====== Source material ======

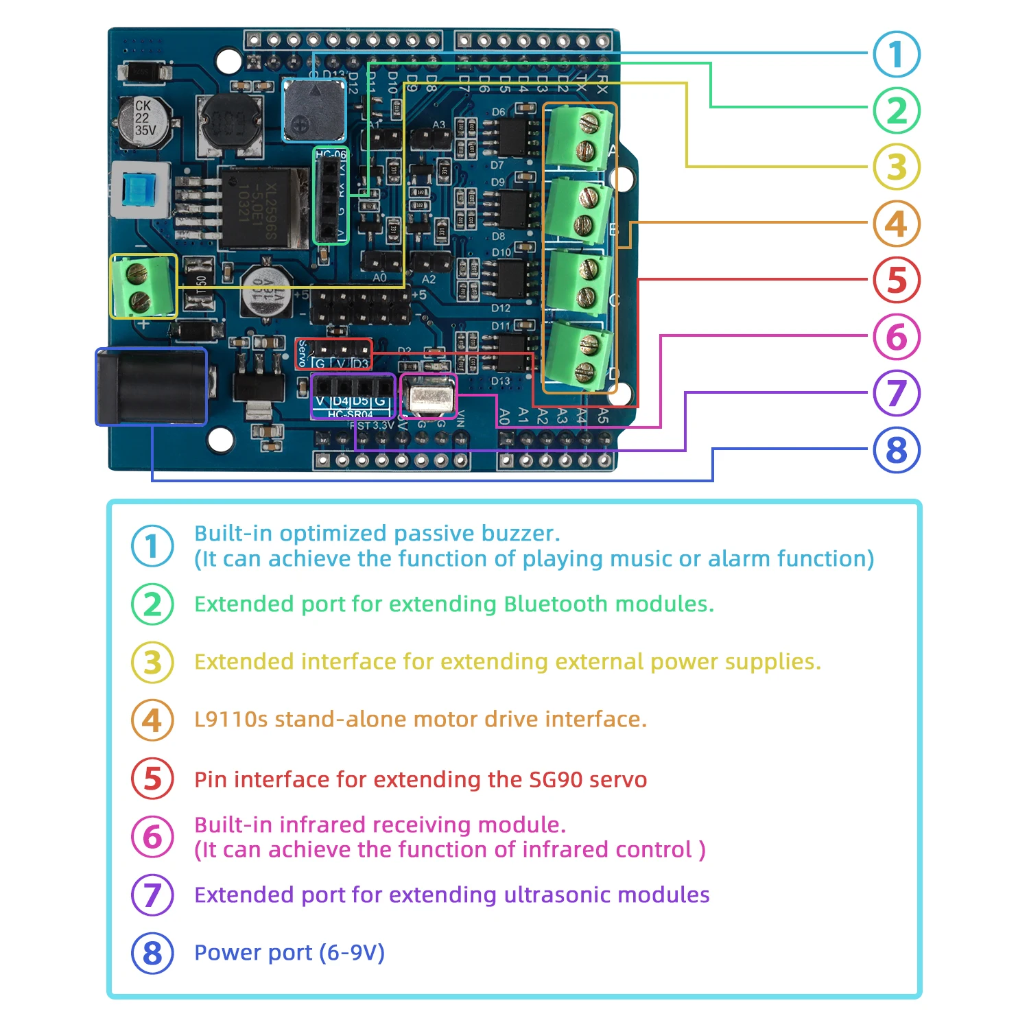 4. Adds a steering gear expansion interface and an integrated infrared remote control receiving module.
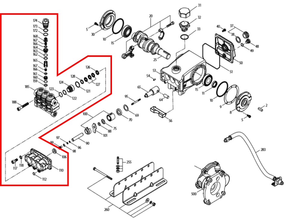 - Culasse livrée avec les pièces entourées en rouge sur la vue éclatée
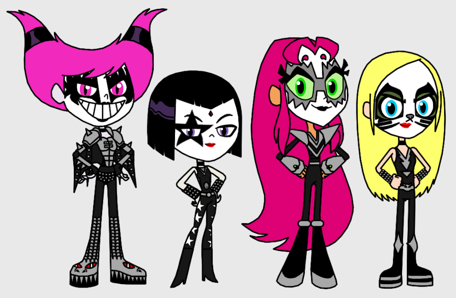 For my first pic of the month my favorite girls from Teen Titans don the attire of the legendary band KISS and invite you to ROCK N ROLL ALL NIGHT, AND PARTY EVERYDAY!
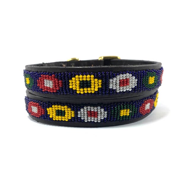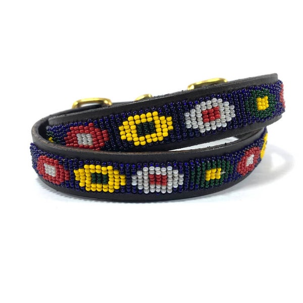 De halsbanden van Nata'Chien worden ontworpen door Natacha (Antwerpen) en met de handgemaakt door Masai vrouwen uit Kenia.
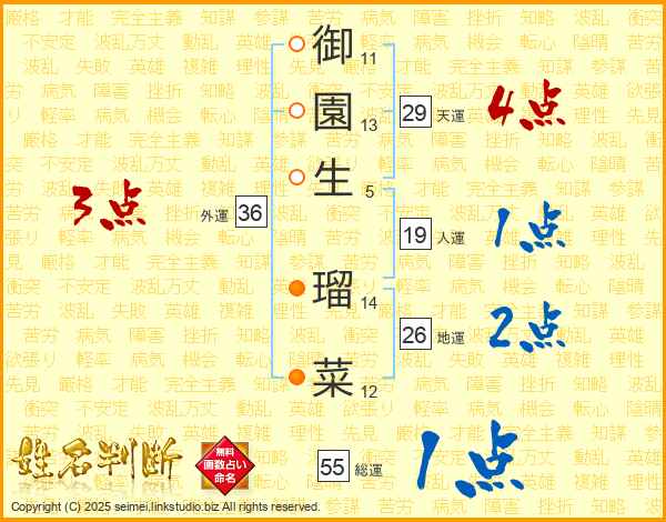 御(11画)園(13画)生(5画) 瑠(14画)菜(12画)

======

(Task details) Set down exactly the lines of the entries above from the one holding "- Culasse livrée" through the last one, including both, with the pictures left out.

(Answer space)
 - Culasse livrée avec les pièces entourées en rouge sur la vue éclatée
 For my first pic of the month my favorite girls from Teen Titans don the attire of the legendary band KISS and invite you to ROCK N ROLL ALL NIGHT, AND PARTY EVERYDAY!
 De halsbanden van Nata'Chien worden ontworpen door Natacha (Antwerpen) en met de handgemaakt door Masai vrouwen uit Kenia.
 御(11画)園(13画)生(5画) 瑠(14画)菜(12画)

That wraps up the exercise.